• _Data excerpts_:
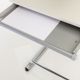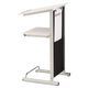 řečnicky pult, odkládací přihrádka se zásuvkou, transportní kolečka, stříbrná - bílá, vyroben v Německu
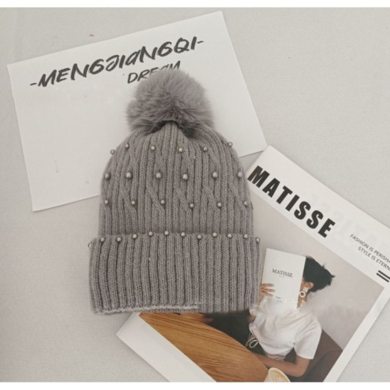 Czapka zimowa dzianinowa, miękka i ciepła, z pomponem i perełkami Bardzo ciepła i elastyczna czapka
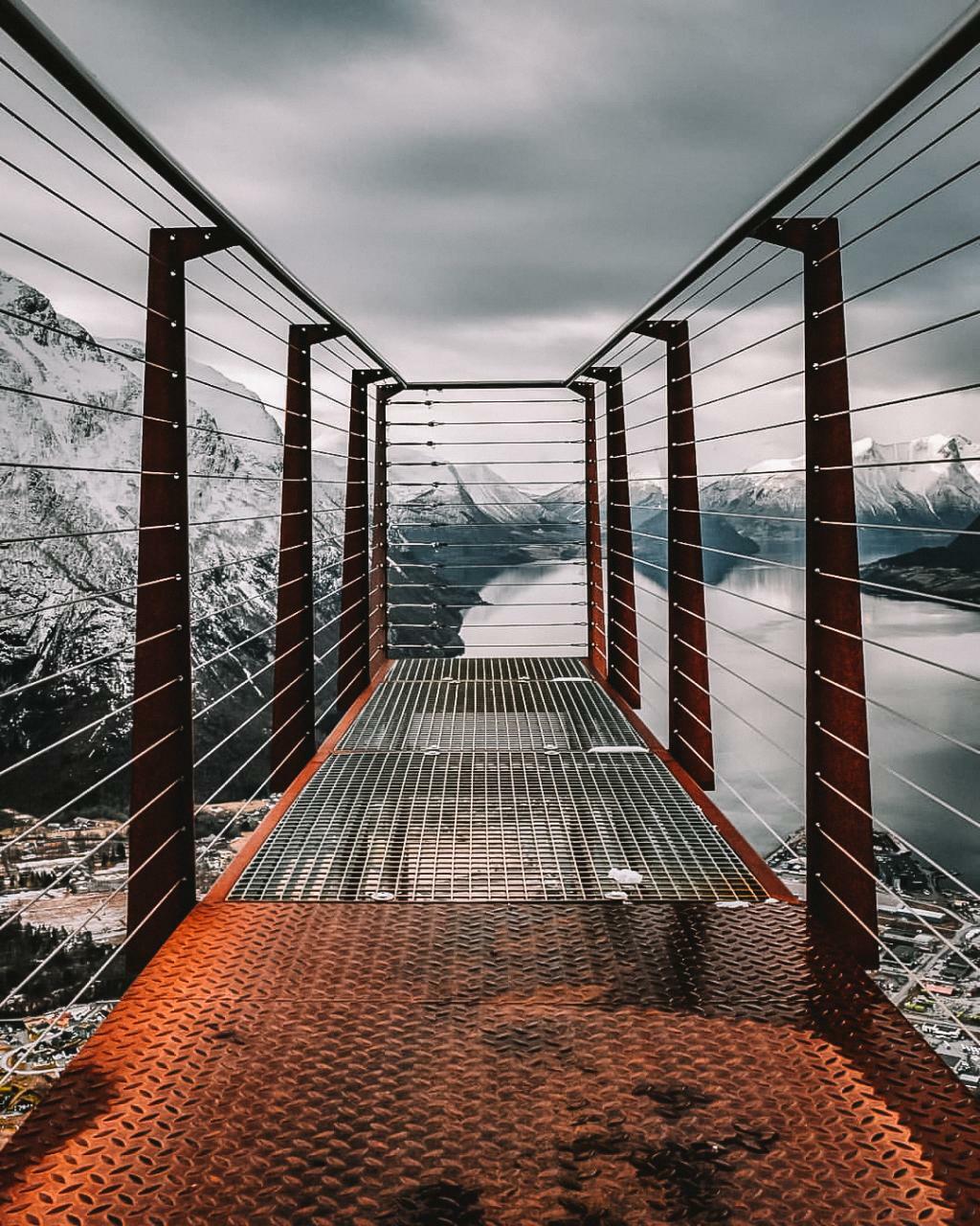 2. Рампестрекен — смотровая площадка в виде моста над скалой, с которой открываются неповторимые виды на фьорд. Вид с неё открывается самый потрясающий, а высота и кажущаяся неустойчивость моста — захватывают дух!
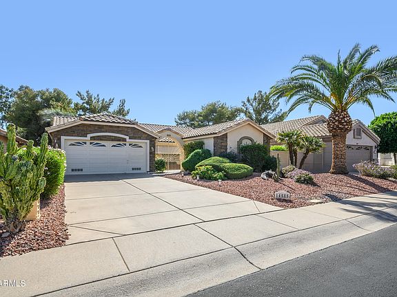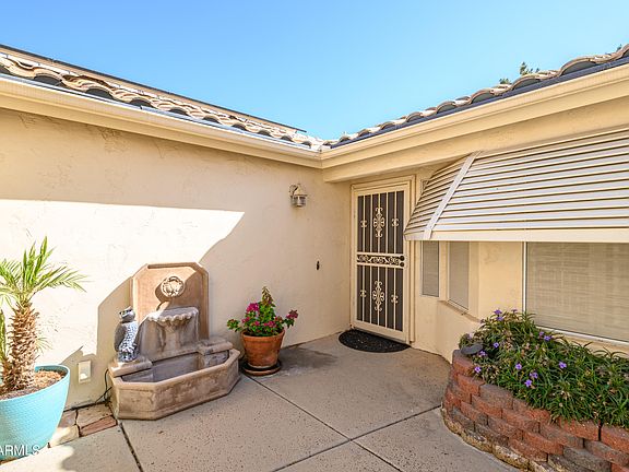 Check out this beautiful home in Sun Village a gated, walled, guarded 24x 7 community! Lake views from your screened Patio w/misting system & Extended covered patio., East back exposure and backed to common area. This home has stone accents at the front, 300 sq ft casita for guests, Gated Private Courtyard, and Courtyard Fountain. Enter to Vaulted Ceilings, Shutters, Tile on the diagonal and 6 Panel Doors. The kitchen has Quartz countertops. Stainless high end Appliances. The inside laundry has front load Washer & Dryer, Wash Sink and cabinets. The garage has a door to side yard and built in cabinets. You don't want to miss out on this beautiful home.
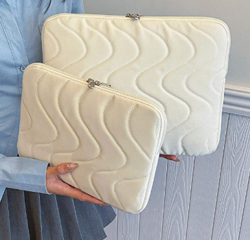 Cream Wavy - Bolso protector para laptop o tablet

• _What to work on_: What is needed is an exact copy of the lines above from the one with "Czapka zimowa dzianinowa, miękka" to the one with "2. Рампестрекен —", both ends kept, and nothing more; please leave the pictures out.

• _Solution_:
 Czapka zimowa dzianinowa, miękka i ciepła, z pomponem i perełkami Bardzo ciepła i elastyczna czapka
 2. Рампестрекен — смотровая площадка в виде моста над скалой, с которой открываются неповторимые виды на фьорд. Вид с неё открывается самый потрясающий, а высота и кажущаяся неустойчивость моста — захватывают дух!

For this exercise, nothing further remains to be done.